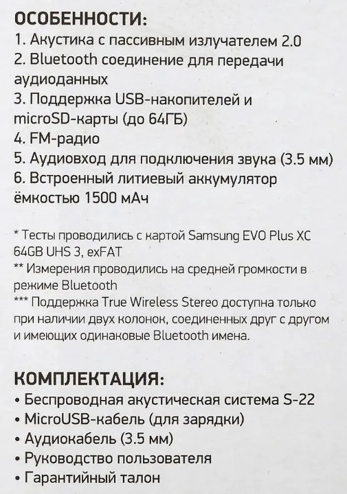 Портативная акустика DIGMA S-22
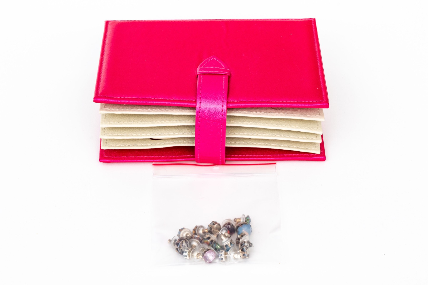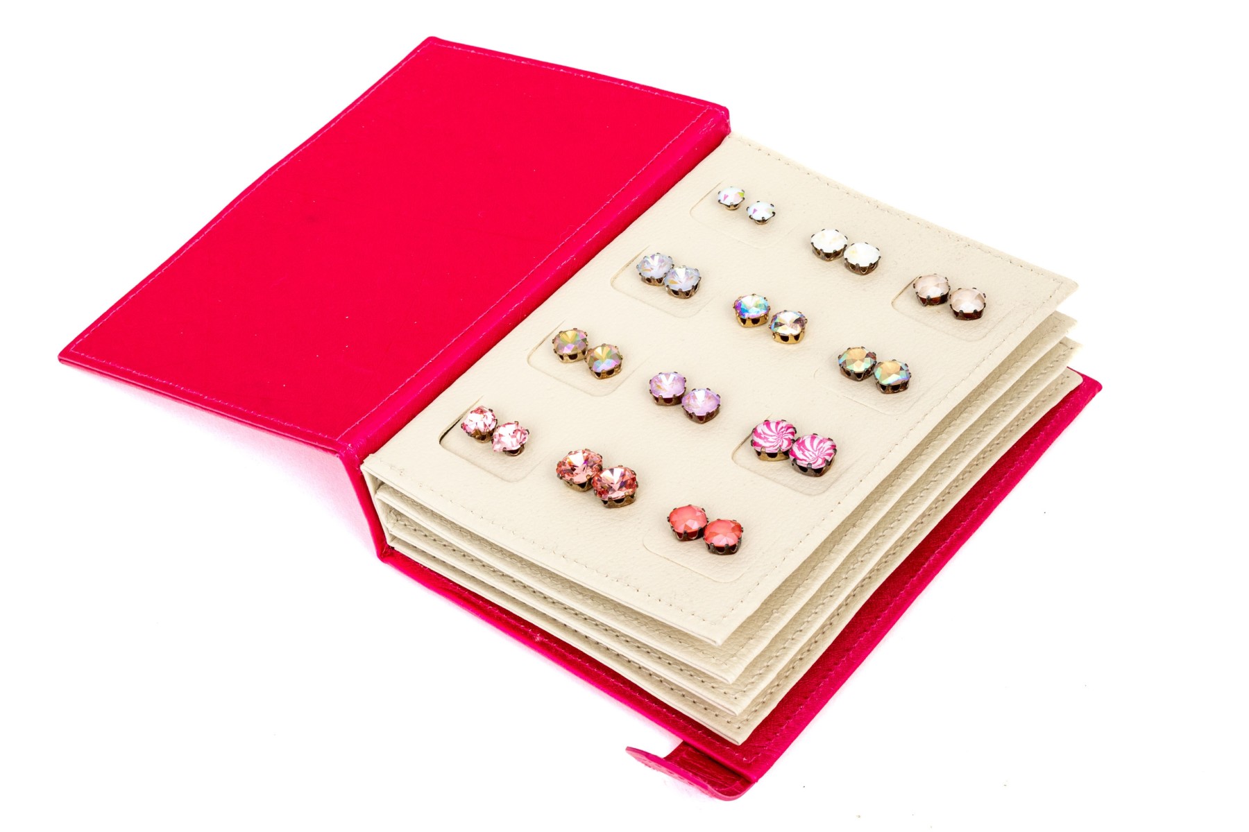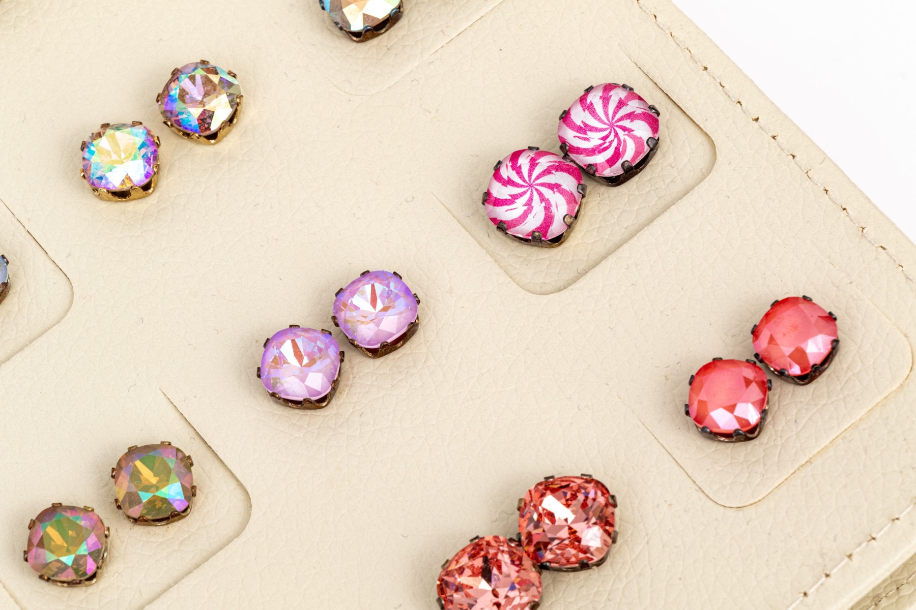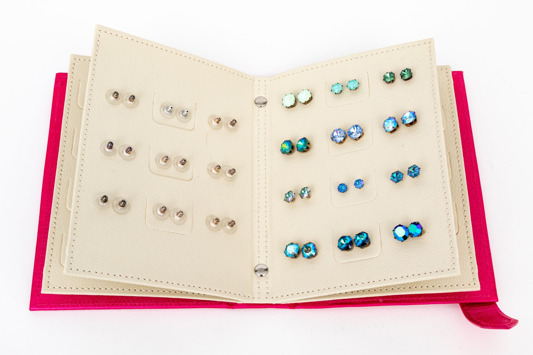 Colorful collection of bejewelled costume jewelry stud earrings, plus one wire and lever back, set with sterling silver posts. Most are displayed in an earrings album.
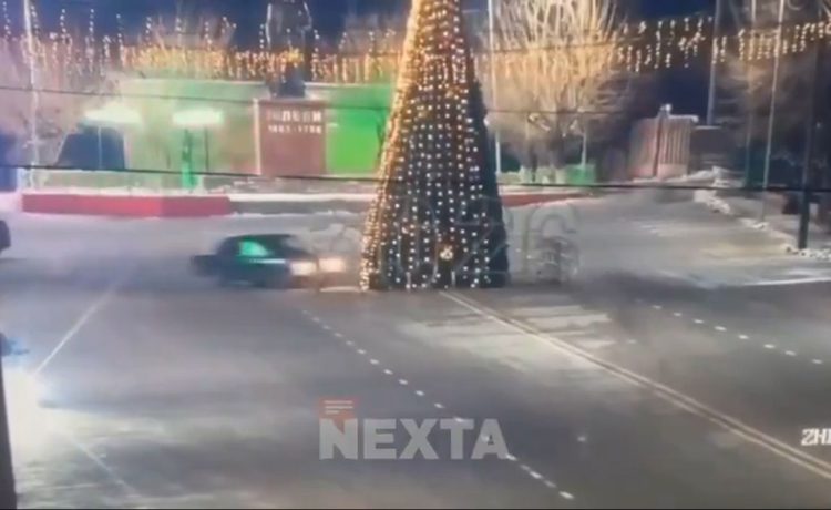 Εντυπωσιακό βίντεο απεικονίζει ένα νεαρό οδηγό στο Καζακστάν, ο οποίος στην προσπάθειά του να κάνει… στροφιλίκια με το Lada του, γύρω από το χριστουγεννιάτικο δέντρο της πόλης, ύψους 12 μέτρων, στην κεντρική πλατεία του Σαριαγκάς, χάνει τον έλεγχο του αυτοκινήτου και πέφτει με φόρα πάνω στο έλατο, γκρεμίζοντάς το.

-----

**WHAT YOU HAVE TO DO**
Your copy should hold only the lines from the one containing "Colorful collection of" through the last line of the listing, both included, retyped exactly and free of pictures.

**TASK SOLUTION**
 Colorful collection of bejewelled costume jewelry stud earrings, plus one wire and lever back, set with sterling silver posts. Most are displayed in an earrings album.
 Εντυπωσιακό βίντεο απεικονίζει ένα νεαρό οδηγό στο Καζακστάν, ο οποίος στην προσπάθειά του να κάνει… στροφιλίκια με το Lada του, γύρω από το χριστουγεννιάτικο δέντρο της πόλης, ύψους 12 μέτρων, στην κεντρική πλατεία του Σαριαγκάς, χάνει τον έλεγχο του αυτοκινήτου και πέφτει με φόρα πάνω στο έλατο, γκρεμίζοντάς το.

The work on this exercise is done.